Quand Dracula tète la carotide avec ses dents pointues et qu'il apporte des rats avec lui pour singe
Bon, oui, le film a des défauts : Reinfield, le "disciple" fou, est insupportable avec son rire mitraillé ; la scène du repas à l'auberge est invraisemblable et ridicule (taper sur la table pour un repas, on y croit pas, surtout que Ganz dit sa réplique calmement, ce qui est assez décalé par rapport à l'empressement que suppose le geste ‒ les gitans qui se retournent comme un bloc et qui regarde Harker sont pas crédibles non plus et l'aubergiste, bah, on dirait un robot), mais bon, elle est encore pire dans La symphonie de l'horreur ; Adjani surjoue quand elle a peur, mais on dirait la fille dans The Shining à cause de ses grands yeux sauf qu'elle est plus belle et voilà, j'aime son air de petit chat terrorisé quand même et puis elle rend hommage au cinéma muet ; et la longue phrase continue.
CELA ÉTANT DIT, les acteurs sont solides (sauf exceptions). Ganz rend super bien Harker quand il est malade et le comte Dracula de Kinski est monumental : avec lui, Herzog fait le pari de présenter un Nosferatu plus romantique qu'effrayant (ce que le film est pas, mais l'original non plus, même si le comte Dracula de 1922 a de la gueule ‒ celui de Kinski aussi, cela dit).

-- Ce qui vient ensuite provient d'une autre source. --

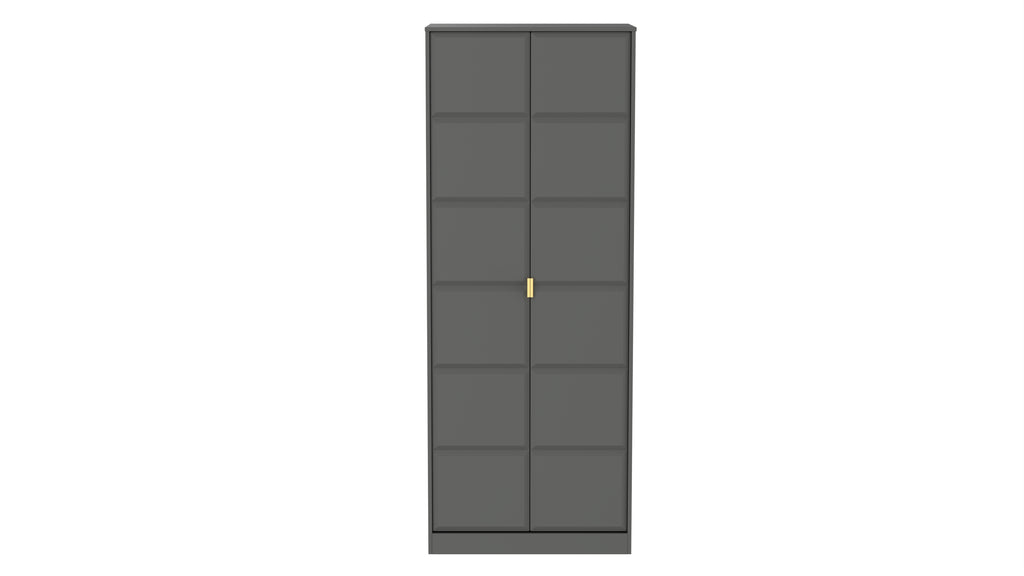 (Dimensions: H197 x W77 x D53cm) This tall double door wardrobe is perfect for any bedroom. . A modern and distinctive range. Named for the unique "Cube" patten of the drawer and door fronts. Also features Gold Metal Handles and Gold Hairpin Legs. Comes in a wide range of colours including eye cathching two tone colour combinations. All our furniture is made in the United Kingdom, to the highest quality. It is delivered direct to your location of choice by one of our two man delivery teams, and comes fully assembled (although legs may be removed to prevent damage in transit).

Dracula a l'air déprimé (ce que la prosodie de Kinski rend très bien en allemand comme en anglais, peut-être même mieux en anglais parce que sa voix traîne et hésite ‒ c'est le seul point fort de cette version-là selon moi), fatigué de l'immortalité et puis il est autant fasciné qu'effrayé par Lucy : quand il la mord, on dirait un bébé qui tète (le son qu'on entend est comique aussi) et son expression quand elle le retient est tellement drôle dans son mélange de passivité pleine de désir et de peur. Bref, un vampire drôle dans ce qu'il a de désespéré, de dégoûté, d'innocent et d'impressionnable. Adjani est la plupart du temps assez bonne, toute en retenue qu'elle est. Elle pleure bien et puis elle est jolie aussi. Ses coiffures le sont moins, mais bon, lalala.
Je peux pas non plus passer sous silence l'humour que le film contient. Il est parsemé çà et là de moments qui font sourire ou même franchement rire. C'est pas une des caractéristiques principales du truc, mais on s'en fout, c'est un plus. Puis bon, la musique est très bien aussi : ambiante et juste bonne.
Enfin, le Nosferatu d'Herzog me plaît davantage que celui de Murnau. Le scénario est beaucoup mieux que celui de l'original, moins linéaire, plus dynamique ; les acteurs ont pas l'air de pantins non plus (dans l'original, le jeu est ultra caricatural, même si je comprends que c'était nécessaire) et puis bon, Dracula est beaucoup plus intéressant dans Le fantôme de la nuit. Ah, et la fin.
Une dernière chose : il faut regarder le film en allemand. IL LE FAUT.